For starters, Congress should pass legislation giving the Food and Drug Administration authority to regulate the way private companies distribute essential vaccines. The agency’s impotence was apparent last year, when it was unable to compel flu vaccine makers to ship first to hospitals and to doctors treating the elderly and chronically ill.

As Dr. Steven Black, a vaccine expert at Kaiser Permanente, recently explained in The Times, Washington’s lack of control over the vaccine industry is putting public health at risk. “If the lone maker of the tetanus vaccine ‘decided’ they could make more money selling rubber ducks tomorrow,” he said, “they could theoretically stop [making the vaccine]. . . . “

The Bush administration should also--as a federal commission will soon recommend--build and operate a federal lab that would develop uniform national standards to screen for pathogens, as well as conduct basic immunological research that the private sector is reluctant to fund.

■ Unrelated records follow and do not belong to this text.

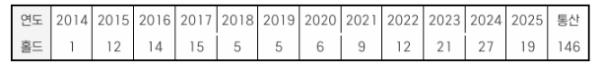 역대 KBO 리그에서 3시즌 연속 20홀드를 기록한 선수는 4명이다. 안지만(전 삼성)과 구승민(롯데)이 4시즌 연속 20홀드를 기록했으며, 주권(KT)과 정우영(LG)은 3시즌 연속 홀드를 기록한 바 있다.
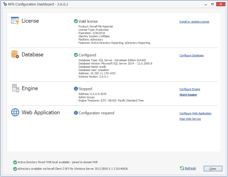 The page lets you establish the settings needed for the NFR Engine and IIS to communicate with the database.
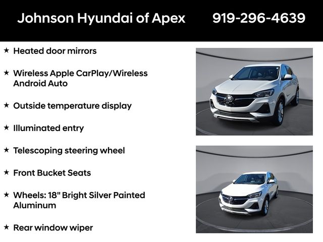 2 USB Ports w/Auxiliary Input Jack, Auto High-beam Headlights, Automatic temperature control, Electronic Stability Control, Emergency communication system: OnStar and Buick connected services capable, Enhanced Performance 6-Speaker System, Front Bucket Seats, Front fog lights, Fully automatic headlights, Heated door mirrors, Illuminated entry, Outside temperature display, Power door mirrors, Preferred Equipment Group 1SB, Radio: 8" Diagonal Buick Infotainment System, Rear window defroster, Rear window wiper, Remote keyless entry, Ride & Handling Suspension, SiriusXM Radio, Steering wheel mounted audio controls, Telescoping steering wheel, Wheels: 18" Bright Silver Painted Aluminum, Wireless Apple CarPlay/Wireless Android Auto.
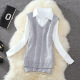2017春装新款女装韩版修身波浪边吊带针织纯色长袖衬衫女两件套潮
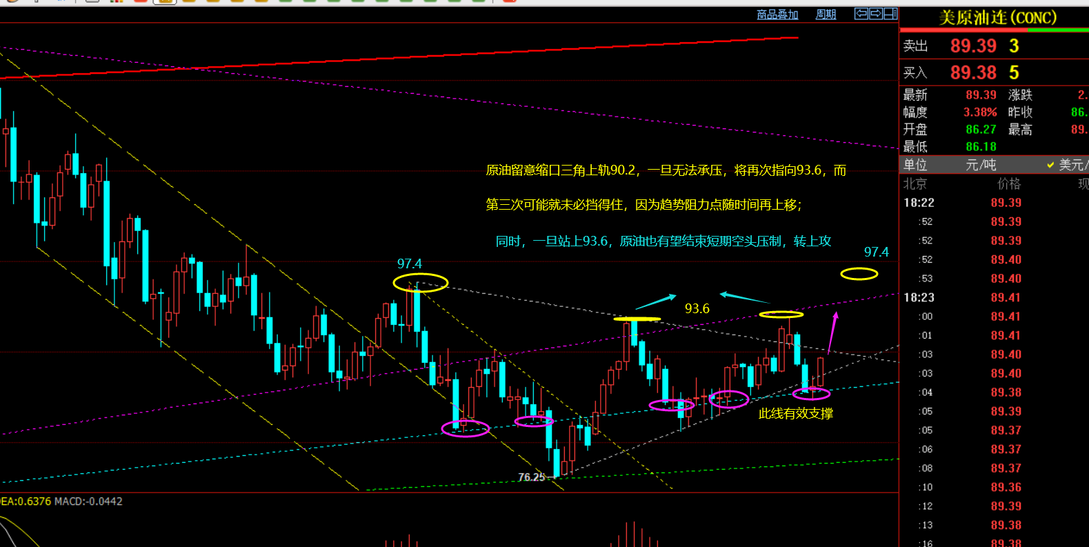 今日早盘简单说来,盯住87.3隔夜高点得失,一旦突破,就是短期通道被打破,93.6压制下来的弱势持续跌也就结束了,那么当87.3强攻突破时,不就是入多机会吗? 而这轮拉升,关键阻力是90.2,这里若挡不住,可再度试探93.6,而第三次试探,挡住的几率有多大呢? 再看图中,除了93.6外,也只有97.4了,它若突破,你敢想象力度吗? 走一步看一步,不断推动盈利损保护;只要87一线守住不破,这波震荡拉升还会延续;而原油的波动率以及一根筋特性,大家都知道,不要小觑,也特别受消息面刺激,务必做好风控!
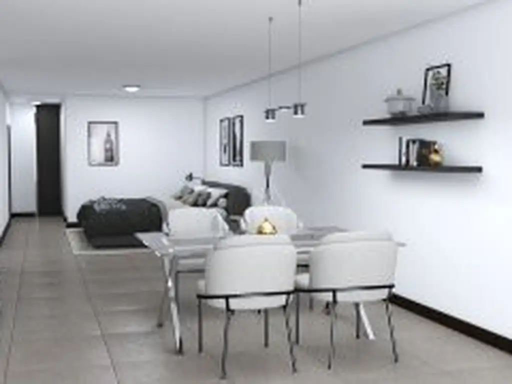 Pisos porcellanatos en estar, cocina, baño y balcón y mono ambientes y pisos flotante en dormitorios.
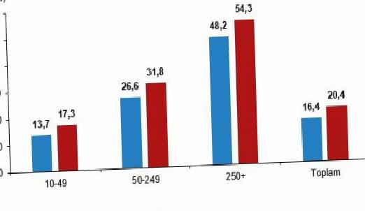 Enerji tüketimini azaltmak hedefiyle bilgi ve irtibat teknolojileri sistemleri yahut tahlilleri kullanan 10 ve daha fazla çalışanı olan teşebbüslerin oranı, 2025 yılında %17,1 oldu. Bu oran çalışan sayısı büyüklük kümesine nazaran incelendiğinde; 10-49 çalışanı olan teşebbüslerin %15,0’ının, 50-249 çalışanı olan teşebbüslerin %24,3’ünün ve 250 ve üzeri çalışanı olan teşebbüslerin %45,0’ının güç verimliliği için bilgi ve bağlantı teknolojileri sistemleri yahut tahlilleri kullandığı görüldü.
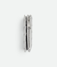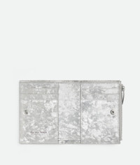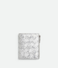 Small bi-fold wallet in Intrecciato laminated leather with satin finish. Product Details - Intrecciato lamina satin leather wallet - Six card slots, one note compartment, one zipped coin purse - Press-stud closure - Lining: Calf leather - Color: Silver - Hardware: Silver finish - Made in: Italy - Product code: 742330V5XF18101 Material - Material: Lambskin Size & Fit - Height: 11.5 cm | 4.5" - Width: 9 cm | 3.5" - Depth: 1 cm | 0.4"
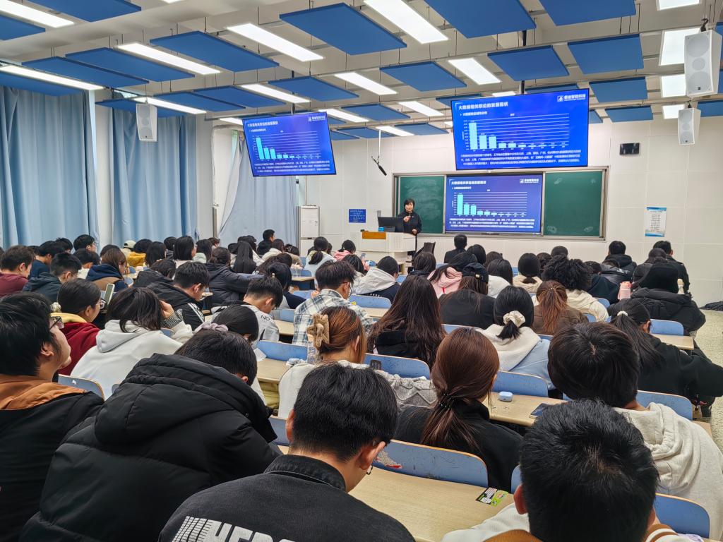 讲座中,曹玉红总监首先讲解了信息技术时代、大数据技术时代以及人工智能时代的发展趋势,帮助员工理解技术演进的脉络。她详细介绍了大数据在医疗、互联网、金融、电商、政府等多个领域的应用场景,展示了大数据技术如何赋能各行各业的数字化转型。随后,曹总监分析了当前大数据行业的发展现状,包括市场需求、技术热点以及人才培养方向。她特别以旅游大数据平台为案例,深入讲解了全域旅游中大数据的采集、分析与应用,让员工直观感受到大数据技术的实际价值。此外,曹总监为同学们介绍了有关大数据方面的竞赛情况,鼓励员工积极参与专业竞赛,通过实践提升专业技能。
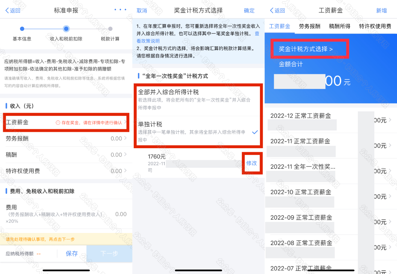 年度匯算時(shí),如您選擇將全年一次性獎(jiǎng)金合并至綜合所得計(jì)稅的,或者有多筆全年一次性獎(jiǎng)金的,可通過(guò)【獎(jiǎng)金計(jì)稅方式選擇】進(jìn)行設(shè)置。
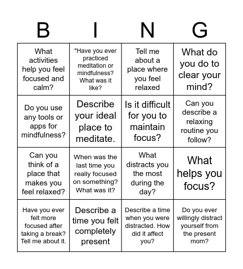 This bingo card has 16 words: Describe a time you felt completely present, What helps you focus?, Tell me about a place where you feel relaxed, What activities help you feel focused and calm?, Can you think of a place that makes you feel relaxed?, "Have you ever practiced meditation or mindfulness? What was it like?, What distracts you the most during the day?, Describe a time when you were distracted. How did it affect you?, Do you use any tools or apps for mindfulness?, Describe your ideal place to meditate., Have you ever felt more focused after taking a break? Tell me about it., What do you do to clear your mind?, When was the last time you really focused on something? What was it?, Can you describe a relaxing routine you follow?, Is it difficult for you to maintain focus? and Do you ever willingly distract yourself from the present mom?.
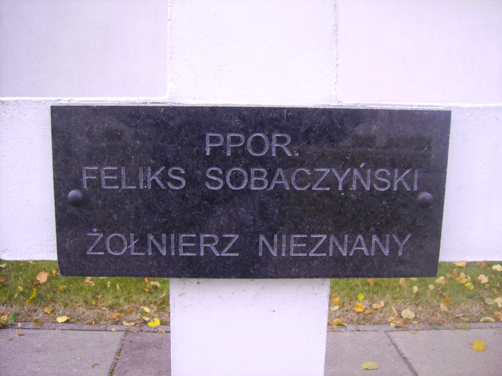 Feliks Sobaczyński upamiętniony na imiennej tablicy epitafijnej na mogile zbiorowej w obrębie kwatery wojennej żołnierzy Wojska Polskiego na cm. parafii rzymskokatolickiej pw. św. Jakuba Apostoła w Zdunach. Stan z dn. 27.09.2012 r. (fot. Błażej Kucharski).
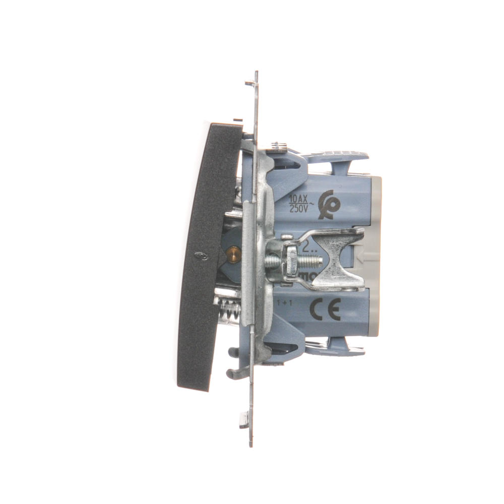 Przycisk podwójny zwierny, dwuobwodowy: 2 wejścia, 2 wyjścia, (moduł), 10AX, szybkozłącza, antracyt, metalizowany
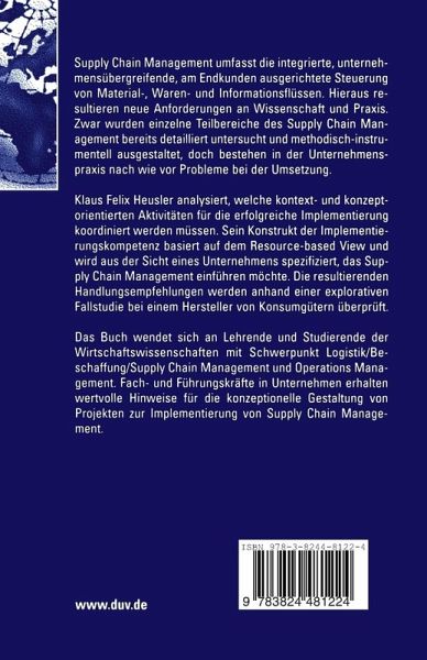 Klaus Felix Heusler analysiert, welche kontext- und konzeptorientierten Aktivitäten für die erfolgreiche Implementierung koordiniert werden müssen. Sein Konstrukt der Implementierungskompetenz basiert auf dem Resource-based View und wird aus der Sicht eines Unternehmens spezifiziert, das Supply Chain Management einführen möchte. Die resultierenden Handlungsempfehlungen werden anhand einer explorativen Fallstudie bei einem Hersteller von Konsumgütern überprüft.
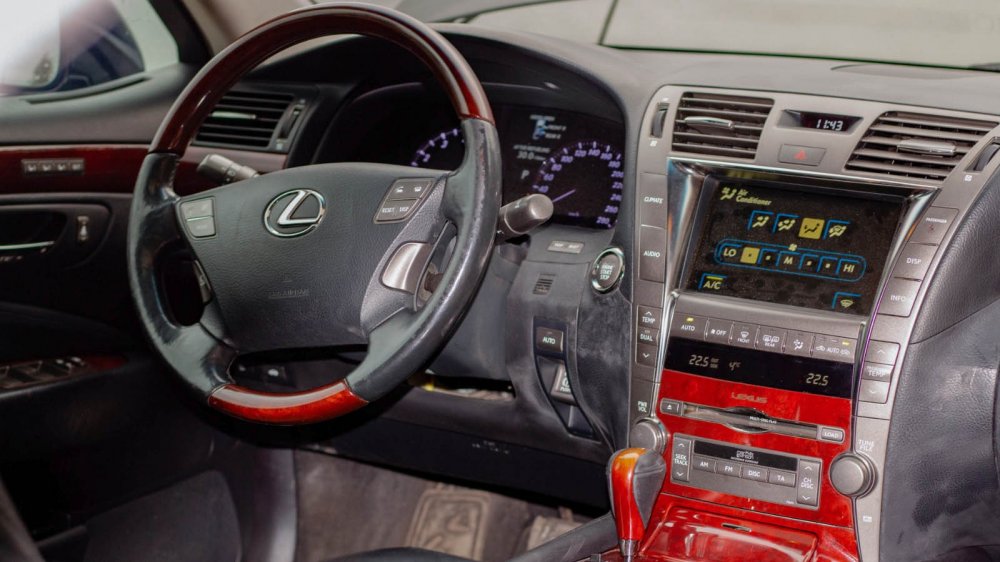 В салоне явственно чувствуется связь поколений. Классический дизайн интерьера с центральным дисплеем, обрамленным серебристыми кнопками и неизменными тойотовскими электронными часиками — всё это было и в прошлом LS. Но стиль стал утончённее. Дизайн передней панели теперь перекликается с рисунком решетки радиатора. Чуть меньше дерева, ещё лучше кожа, а качество сборки отменное. Салон этого конкретного авто просит легкого детейлинга, но молчит как партизан – скрипа пластика в движении не дождетесь.

Finally, if Congress is going to give vaccine manufacturers the stable, long-term purchase contracts they say they need to develop drugs that aren’t immediately profitable, the manufacturers should agree to slimmer profit margins on those products.

Washington’s broad challenge in using new vaccine funding wisely will be to develop a way to oversee biotechnology companies, much as it now oversees banks and the stock markets, while at the same time protecting the opportunities for profit that drive pharmaceutical innovation.